We obtained Ca, Al, Cr, and Ti zonings of large clinopyroxene and orthopyroxene using EPMA at the University of Tokyo and analyzed them with a diffusion model. The zoning patterns of Ca, Al, and Cr of pyroxenes allow us to identify 4 different thermal histories from 4 types of chemical zonings for orthopyroxene (O1-O4) and 3 types for clinopyroxene (C1-C3) as summarized in Table 1. They are (1) continuous cooling at a cooling rate of ~1x10-4 °C/y over the time scale of ~1-10 million years from ~1000 to ~830 °C (constrained from O1 and C1), (2) cooling followed by weak heating at ~900 °C over the time scale of ~10-100 thousand years (from O2 and C1), (3) cooling followed by strong heating at ~1050 °C over the time scale of ~1-100 thousand years (from O3 and C2), and (4) prolonged cooling and heating at ~1000 °C (from O4 and C3). There is a systematic depth variation of thermal histories as summarized in Table 2. It is notable that the shallow lithospheric mantle is characterized by simple cooling or cooling followed by weak heating and the deep LAB zone by cooling followed by strong heating. This systematic depth variation requires a thermal perturbation of asthenospheric mantle beneath the deeper LAB zone, most plausibly asthenospheric upwelling.
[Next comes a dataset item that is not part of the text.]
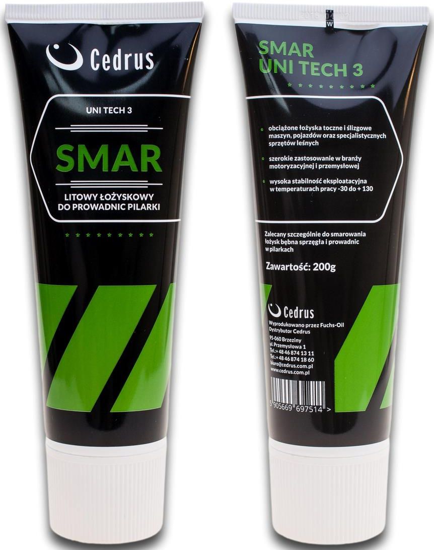 CEDRUS UNI TECH 3 SMAR LITOWY ŁOŻYSKOWY DO SMAROWANIA ŁOŻYSK I PROWADNIC Produkt przeznaczony jest między innymi do smarowania łożyska zębatki prowadnic pilarek spalinowych i elektrycznych. Regularne smarowanie zwiększa żywotność prowadnicy

The age of the Japan Sea opening is comparable to the time scale of cooling estimated from O1 and C1, and the continuous cooling at the shallow lithospheric mantle is attributable to the cooling of the back-arc basin lithosphere, The timescale of the heating event in the deep LAB zone is too short to be explained by LAB-fixed heat conduction model. Effective heat transportation mechanisms are necessary, either partial crystallization of melt generated in the asthenosphere that passed through the LAB zone as advocated by Takahashi (1980) or extensive lithosphere thinning.